My Seizure Story

I have always had nerve issues in my right hand. Repeated motions would cause spazms and tingling, but it was never anything extreme.

A few years ago, I spent the fall semester of my junior of college working almost non-stop on a large, effects my final grade kind of project. I was working with a group on the effects of Adderall on the body when it is used as a study drug instead of prescribed by a doctor for ADD. Ironically, our group leader had severe ADD so he would pop an Adderall before we would come over to work.

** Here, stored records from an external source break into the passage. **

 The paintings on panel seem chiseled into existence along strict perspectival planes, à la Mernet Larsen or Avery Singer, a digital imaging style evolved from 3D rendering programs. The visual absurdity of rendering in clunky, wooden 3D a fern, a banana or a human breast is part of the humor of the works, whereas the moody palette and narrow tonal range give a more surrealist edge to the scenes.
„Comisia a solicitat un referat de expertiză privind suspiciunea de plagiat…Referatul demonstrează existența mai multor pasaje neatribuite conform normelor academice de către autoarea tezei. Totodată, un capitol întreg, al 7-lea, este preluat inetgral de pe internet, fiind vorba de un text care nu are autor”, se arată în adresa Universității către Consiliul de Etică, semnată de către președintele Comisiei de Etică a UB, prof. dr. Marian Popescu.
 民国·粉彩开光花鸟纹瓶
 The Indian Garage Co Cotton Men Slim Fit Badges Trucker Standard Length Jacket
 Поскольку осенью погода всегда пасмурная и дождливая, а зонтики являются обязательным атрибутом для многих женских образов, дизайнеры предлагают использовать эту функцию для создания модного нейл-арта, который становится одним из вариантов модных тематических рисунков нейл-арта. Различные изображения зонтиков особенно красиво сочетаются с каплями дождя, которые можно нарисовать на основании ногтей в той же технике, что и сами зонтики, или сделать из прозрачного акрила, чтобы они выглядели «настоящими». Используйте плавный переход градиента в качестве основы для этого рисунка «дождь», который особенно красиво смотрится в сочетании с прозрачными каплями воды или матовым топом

He would work non-stop and we would all work to keep up with him. It was difficult because we wouldn’t look at the clock and the next thing we would know it was 4am and I had to get up for an 8am class.

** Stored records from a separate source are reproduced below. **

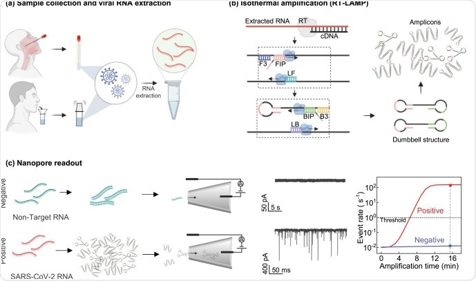 In a previous study, a LAMP-coupled nanopore sensor for malaria nucleic acid test was demonstrated. Based on label-free electronics-based nanopore sensors, this method is a new avenue for making accessible molecular testing at the point of care. In the present study, the researchers report using the RT-LAMP coupled nanopore platform for rapid detection of the SARS-CoV-2.
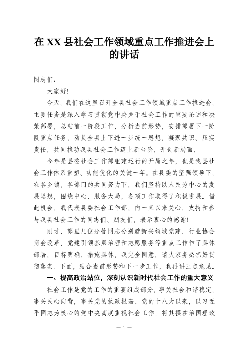 首页工作文档在XX县社会工作领域重点工作推进会上的讲话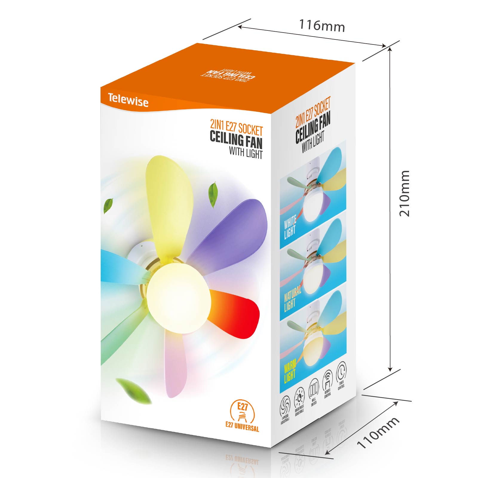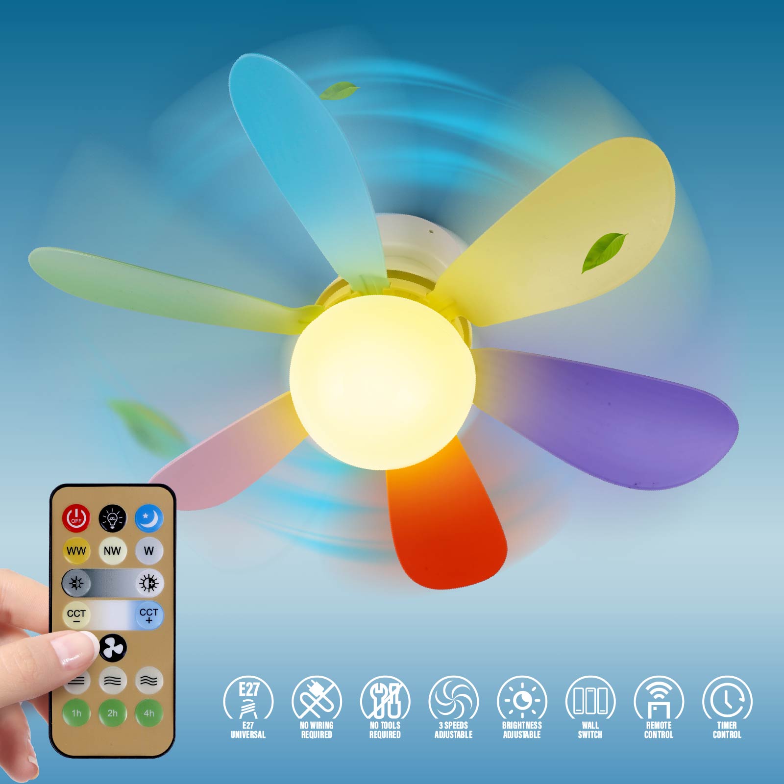 - Function : E27 Universal No Wiring Required, Fan Speed Adjustable, Light Adjustable, Brightness Adjustable, Remote Control, Wall Switch Control, Timer.

Now it was during this time (the crazy project time), in November, that I woke up to extreme numbness in my right hand. My hand had completely clenched and no amount of massaging the muscles in my arm could make it unclench. Then I blacked out, only to be awoken by my alarm clock the next morning.

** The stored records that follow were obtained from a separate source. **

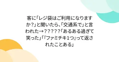 客に「レジ袋はご利用になりますか?」と聞いたら、「交通系で」と言われた→?????「あるある過ぎて笑った」「『ファミチキ1つ』って返されたことある」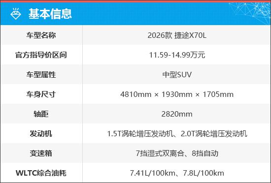 捷途X70L共推出5款配置车型,官方指导价在11.59 - 14.99万元之间。除入门车型外,其他车型均可选装7座座椅布局。同时,官方还推出了质保礼、置换礼等购车权益(详情可咨询当地经销商)。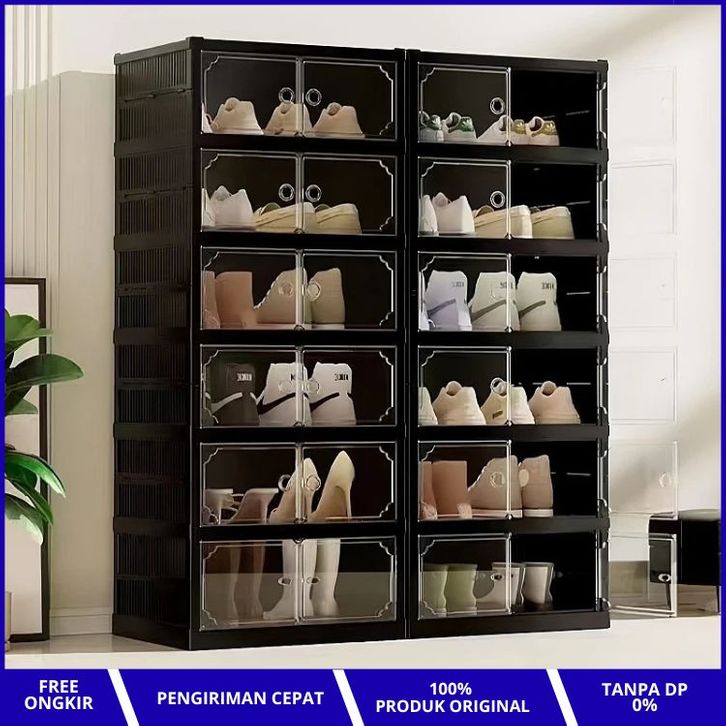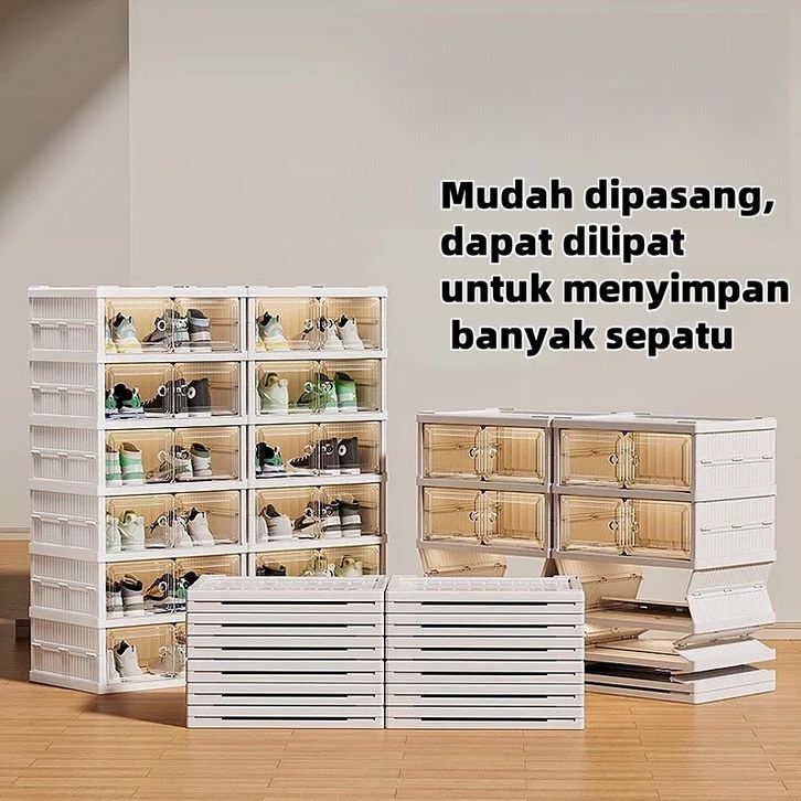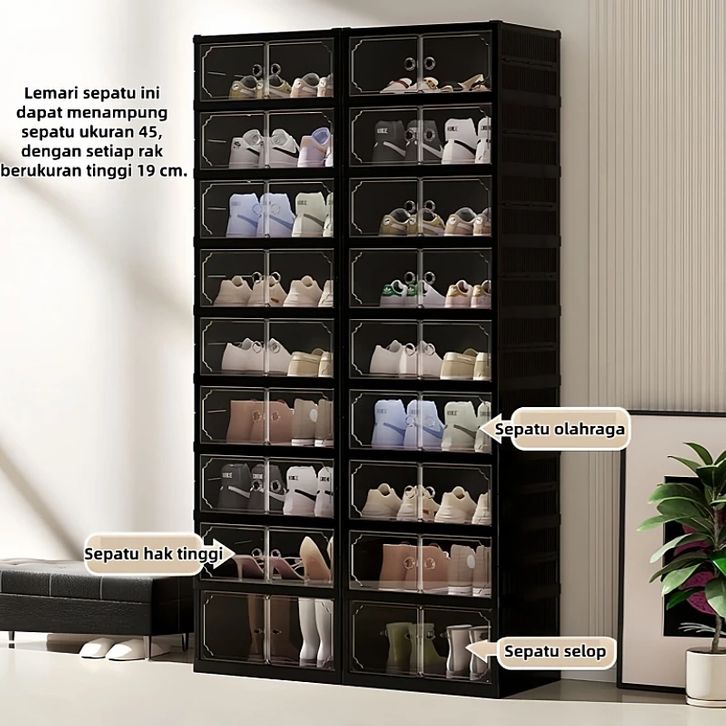 Rak Sepatu Tertutup Box Bebas Instalasi Lemari Sepatu Tertutup Lipat Serbaguna Pintu Magnet

The next day, I told my boyfriend at the time about what had happened and he said “Babe, I think you had a seizure”, which I laughed off because I didn’t have seizures.

Fast forward a month, and I’m home for Christmas (we did amazing on the project, in case you were wondering), when the same thing happened again. Only this time, I woke up to the first aid squad in my room, with my parents and sister freaking out. Also I had seized so hard I dislocated my shoulder. I was in and out of consciousness all day that day, but the ER doctor didn’t want to put me on medication because it was my first seizure, and sometimes this shit happens. Except that it happened again 5 days later, only this time, I was my usual, perky self (despite a second dislocated shoulder). And with that, I was on seizure medication. While seizure meds are great at controlling seizures, they are not great at letting my delightful personality shine through. It felt like I was living in a fog, not completely aware of my surroundings. I knew that my real personality was inside me some where but I was unable to find her and let her out.

My winter break was filled with doctor’s visits and physical therapy and tests and fog. I was scared to go to bed, too afraid to sleep. I would have panic attacks most nights because I didn’t want to have another seizure. My days were foggy, but I would get tired very easily. It was like all of my energy had been drained from my body. Even with all of this, the tests came back negative, but they all said that the disorder was connected to stress and sleep somehow. At the doctor’s suggestion I started going to bed early, and tried to keep my stress level low. The fog persisted

Back at school I had a hard time keeping up because of the fog, which was hard because I had always been bright.

Because of my negative tests, I spent spring break in the hospital doing a sleep study. One of my parents were with me the entire time, and my sisters tried to make it better by making me boxes of boredom busters, but there was just more fog. Only this time there were electrodes and no showering for a week and being watched constantly and beds that re-inflated in the middle of the night and I was kept up into all hours of the night to see how my brain reacted (my dad was really cool and stayed up with me, and walked with me around the hospital until 3am because I wasn’t allowed to sleep) and fog, just so much fog. During this time of testing they were slowly taking me off my meds to see how my brain would react. That made the fog worse.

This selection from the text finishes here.